- Exercise requirements
Among the entries below, copy only the span from the line containing "- In a mixing" through the line containing "Complete all seven". Do so exactly, and skip the pictures.

- Records supplied
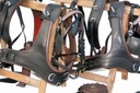 Uprząż chomątowa Francuska na parę koni roz.COB . Uprząż wykona w całości bardzo dobrej selekcjonowanej skóry licowej ,bardzo miękkiej i miłej w dotyku ,we wszystkich elementach uprzęży wszyta taśma ,która ma zadanie wzmocnienie skóry.Profilowane piersi wyposażone w napierśniki ,popręgi anatomicznie profilowane ogłowia anatomiczne w części potylicznej i nachrapnik zrobiony na miękko Okucia wykonane ze stali nie rdzewnej .jedyna taka uprząż na rynku ,perfekcyjnie wykonanie.Polecam
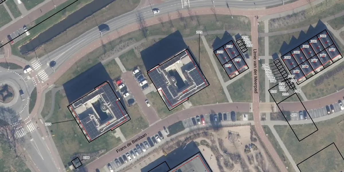 Het perceel waarop Frans de Bieslaan 48 staat heeft een oppervlakte van 695 m². Dit is een groot perceel. De perceeloppervlakte wordt geregistreerd door het Kadaster. Gedetailleerde informatie over de maten van dit perceel kunt u vinden in het rapport Kadastrale kaart met maatvoering van Frans de Bieslaan 48.
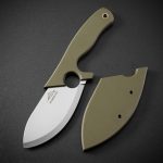 - Pochwa: zielony kompozyt G10 z dwoma akcesoriami umożliwiającymi personalizację sposobu przenoszenia: klamrą typu tek-lok oraz stalowym klipsem
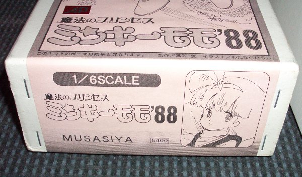 左が初期版、右が再販版である。このように一見同じに見えるのだが…。とりあえず「AP」シールの色が異なる。かかっているピンク色の紙の右側に、グレーの枠がない。なお、中身のキットを完成させると、「地面に座り足を投げ出すモモ」が出来上がり、箱のイラストとは異なるポーズとなる。
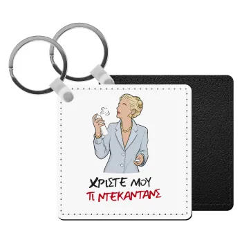 Πως τους πετσόκοψες έτσι..., Μπρελόκ Δερματίνη, τετράγωνο ΜΑΥΡΟ (5x5cm)
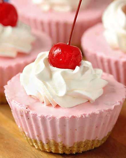 - In a mixing bowl, combine cream cheese, powdered sugar, heavy cream, cherry juice and vanilla extract and mix well. Spoon mixture into prepared cupcake liners.
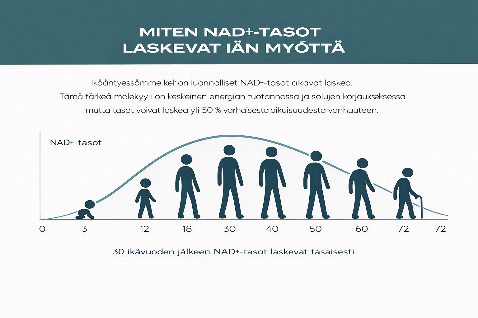- Cellehelse: Økte NAD+-nivåer kan bidra til sunnere aldring i kombinasjon med en aktiv og balansert livsstil.
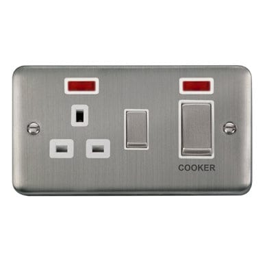 Curved Stainless Steel 45A Ingot 2 Gang DP Switch With 13A DP Switched Socket & Neons - White Trim
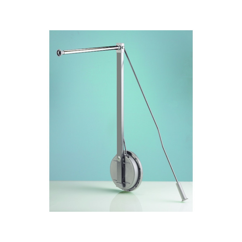 Raccord d'un seul coté Force portante 12 kg. Réglage en largeur télescopique 100 mm. Tube de penderie acier chromé. Boîtier. bras pivotant et pièce d’écartement PVC/acier fini aluminium. Pièce d’écartement pour surmonter le retrait de porte en option.
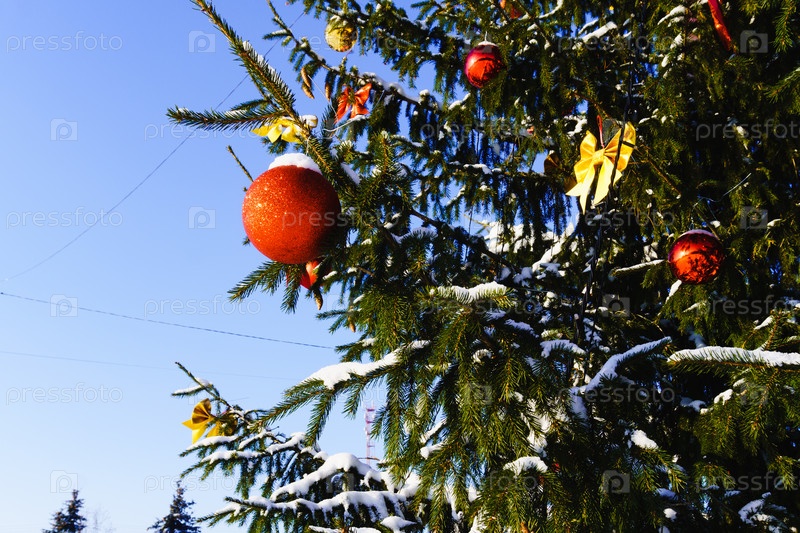 Игрушки на елке. Центральная площадь. Поселок Красная Заря, Орловская область
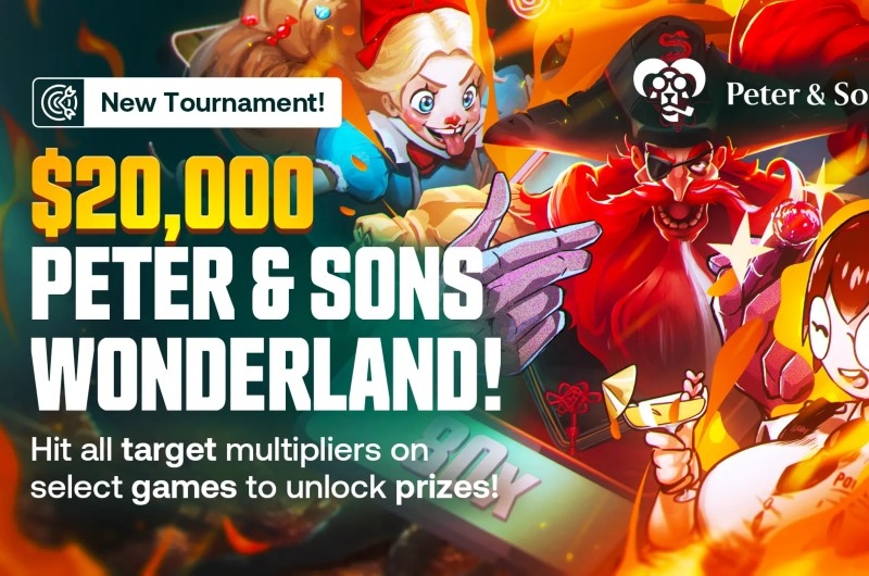 Complete all seven multiplier challenges in the Peter & Sons Wonderland tournament at Shuffle.com to earn a share of the $20,000 prize pool.
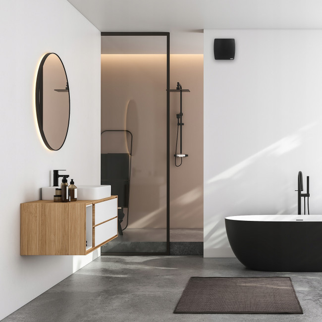 Вентилятор для ванної кімнати EBERG AXI 120 BT відрізняється компактною плоскою конструкцією та стильним дизайном . Корпус виготовлений з ударостійкого матеріалу ABS. Передня панель вентилятора виконана з матового алюмінію . Цей матеріал легкий, стійкий до корозії та легко чиститься, що означає довговічність та елегантність. Використання шарикопідшипників забезпечить ефективну, тиху та безвідмовну роботу протягом тривалого часу.
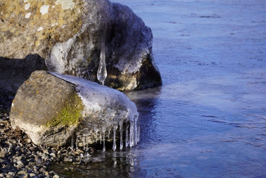 石を覆った氷も美しく自然の造形美を感じます。
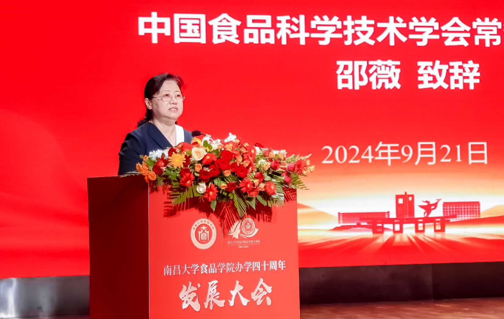 邵薇代表中國食品科學技術學會向食品學院辦學40周年表示祝賀。她指出,長期以來,中國食品科學技術學會與食品學院有著良好的合作關系,希望以此次院慶為契機,雙方攜手共進,始終致力服務中國食品科技進步、產業健康發展和人才培養。
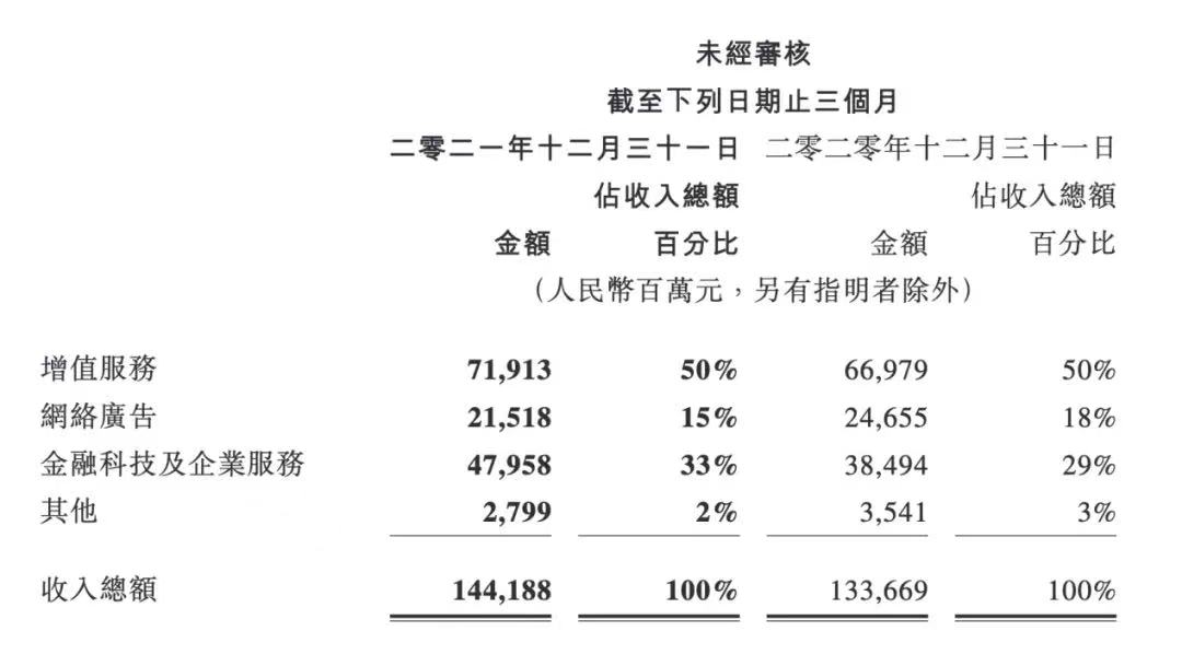 需要指出的是,2021年Q4腾讯的营收结构发生了重大变化。
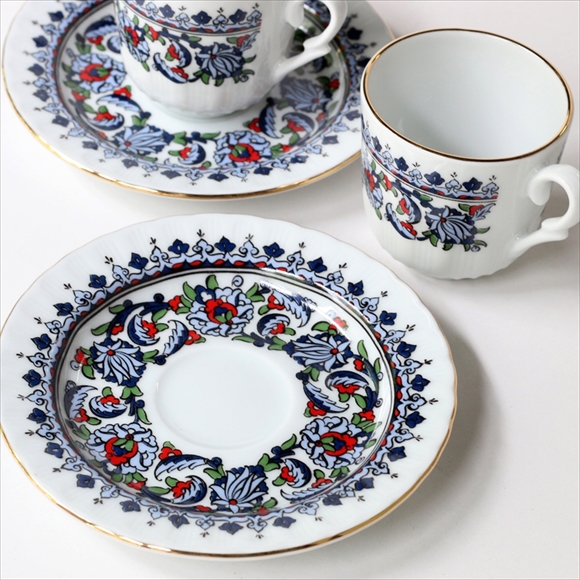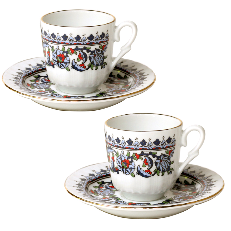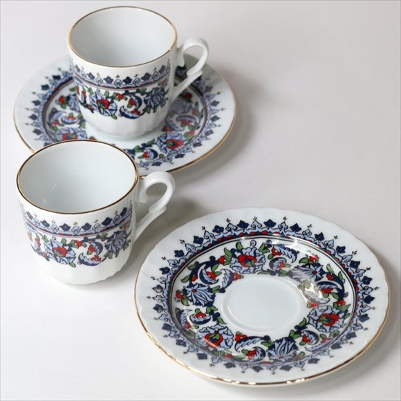 トルココーヒー用エスプレッソ・デミタスコーヒーカップ&ソーサー珍しい小さめ陶器2客セット クラシック
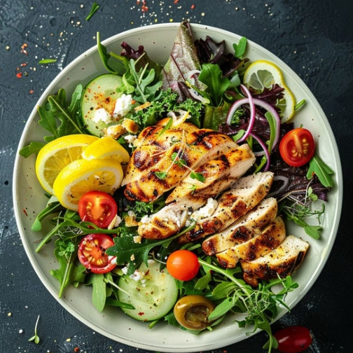 Mix verde, frango grelhado, ovo cozido sunomo batata doce cozida e selada na chapa tomate cereja, manga especial
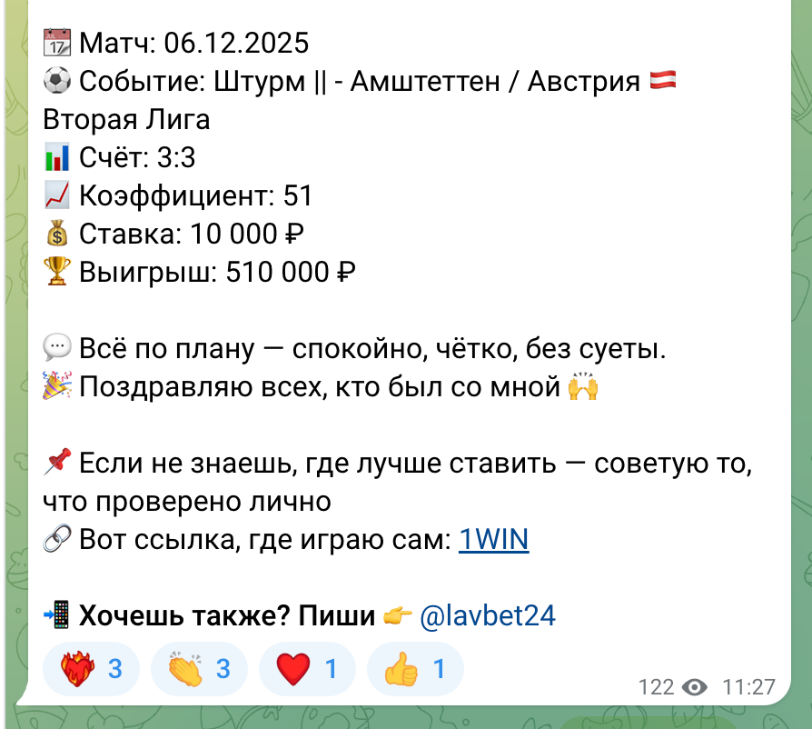 На канале постоянно публикуются успешные ставки от Константина Лаврова и его рекомендации. Они все выглядят очень амбициозно: огромный коэффициент и приличный выигрыш. При этом достаточно относительно смешной суммы. Например в одном из постов автору понадобилось всего лишь 10 тысяч рублей, чтобы получить более полумиллиона! Это выглядит очень привлекательно, и чтобы узнать подробности, нужно написать в личные сообщения Константину.
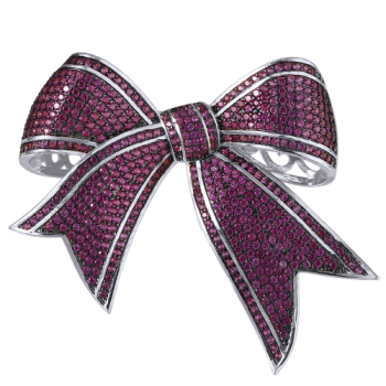 Брошь Бант (фианит фуксия; покрытие родий), Есть комплект
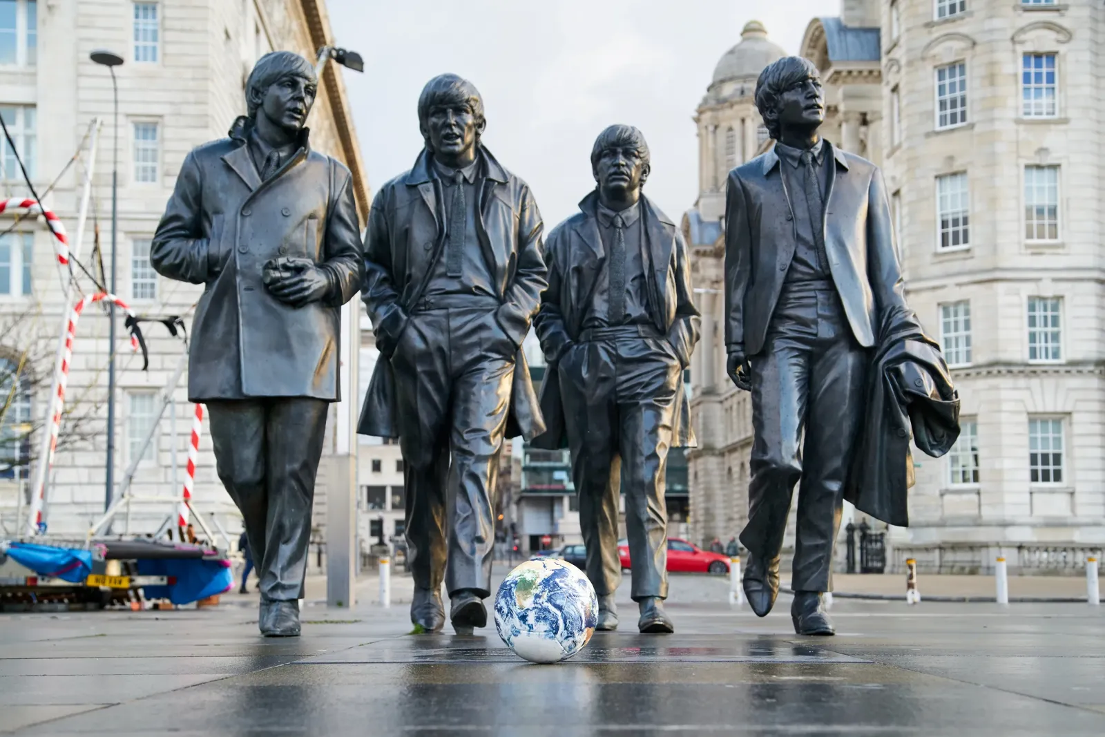 На памятник музыкантам The Beatles, установленный в центре Ливерпуля, сторонники Украины надели вышиванки, сообщает «Российская газета».

- Problem solution
 - In a mixing bowl, combine cream cheese, powdered sugar, heavy cream, cherry juice and vanilla extract and mix well. Spoon mixture into prepared cupcake liners.
- Cellehelse: Økte NAD+-nivåer kan bidra til sunnere aldring i kombinasjon med en aktiv og balansert livsstil.
 Curved Stainless Steel 45A Ingot 2 Gang DP Switch With 13A DP Switched Socket & Neons - White Trim
 Raccord d'un seul coté Force portante 12 kg. Réglage en largeur télescopique 100 mm. Tube de penderie acier chromé. Boîtier. bras pivotant et pièce d’écartement PVC/acier fini aluminium. Pièce d’écartement pour surmonter le retrait de porte en option.
 Игрушки на елке. Центральная площадь. Поселок Красная Заря, Орловская область
 Complete all seven multiplier challenges in the Peter & Sons Wonderland tournament at Shuffle.com to earn a share of the $20,000 prize pool.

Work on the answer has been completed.